Nearly 30 families in the Cincinnati-Dayton region have been displaced by fires since the beginning of this year, and Red Cross officials say many of those fires resulted from people using dangerous alternative heating sources to stay warm.

Already two people have died in house fires in Dayton, and Red Cross workers have assisted 19 families displaced by fires in Montgomery, Preble and Green counties since Jan. 1. In Butler County, officials say Red Cross workers have helped 10 families who have been burned out of their homes.

This time of year is considered “fire season” because of the number of fire calls the Red Cross and local fire departments respond to. As temperatures drop, people look for all sorts of different ways to heat their homes. And with below zero wind chills predicted for the next two days and a wind chill advisory issued by the National Weather Service, local fire officials and the Red Cross say they want to remind people about the dangers alternative heating sources such as space heaters can present and provide tips on how to protect their homes and families while trying to stay warm.

“Every winter from October until the end of March, we see double the fires that we do for the rest of the year due to alternative heating sources,” said Maria Carroll, disaster program specialist with the Dayton Red Cross.

As part of the Red Cross’ Home Fire Preparedness Campaign, agency workers and Xenia Fire Department are partnering to go door to door in Xenia in April to get the word out about home fire fatalities and casualties, installing smoke detectors, replacing smoke detector batteries, and offering education on other seasonal hazards, Carroll said. The campaign has already produced positive results in Trotwood, where officials canvassed this past fall, she said.

Carroll was among the case workers who responded to a fatal fire in the 100 block of North Kilmer Street in Dayton on Jan. 22, where firefighters found the remains of a four-month-old boy inside the burned home.

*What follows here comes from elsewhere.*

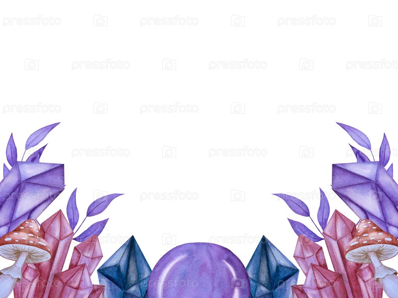 Акварельная иллюстрация набора мифических эзотерических элементов и объектов духовного колдовства. заклинание, небесные кристаллы, зелье, свечи, грибы, таро. идеально подходит для фантастического дизайна, визуальные эффекты ведьмы

Education is the key to avoiding tragedy, she said.

“It was really hard to go out to those scenes knowing that we were going to approach a family that has just lost a loved one,” she said.

Middletown firefighters report they’ve responded to 10 fires so far this year, two families have been displaced. While in Hamilton fire officials say they’ve extinguished seven structure fires in 2015, Fire Chief Steve Dawson says four people were displaced.

Middletown firefighters report they’ve responded to 10 fires so far this year with two families having been displaced. And in Hamilton, fire officials report seven structure fires in 2015 with four families displaced.

Fire Marshal Bob Hess, of the Middletown Division of Fire, said his department sees a 10 to 20 percent increase in calls for structure fires during the winter. Hess said he’s seen people take some ill-advised risks in order to drive away the cold.

“We’ve been at many residences where people are using their stoves or ovens,” he said. “The (oven) door is open, set at 500 degrees and heating their home.”

Hess said this is particularly dangerous because stoves and ovens can emit sparks because of food left in them and that could start a fire. He said firefighters also see a number of fires cause by electric space heaters and kerosene heaters.

“People store combustibles too close to them,” Hess said, adding that people should keep blankets, clothes and other flammable materials at least three to six feet away from space heaters. “They can be used provided they’re plugged directly into the outlet.”

Candles and open propane heaters also should not be used to stay warm, Hess said. Safety officials also urge people to make sure they have working smoke detectors, and carbon monoxide detectors.

“Also have your furnace checked by a licensed contractor,” said Hess.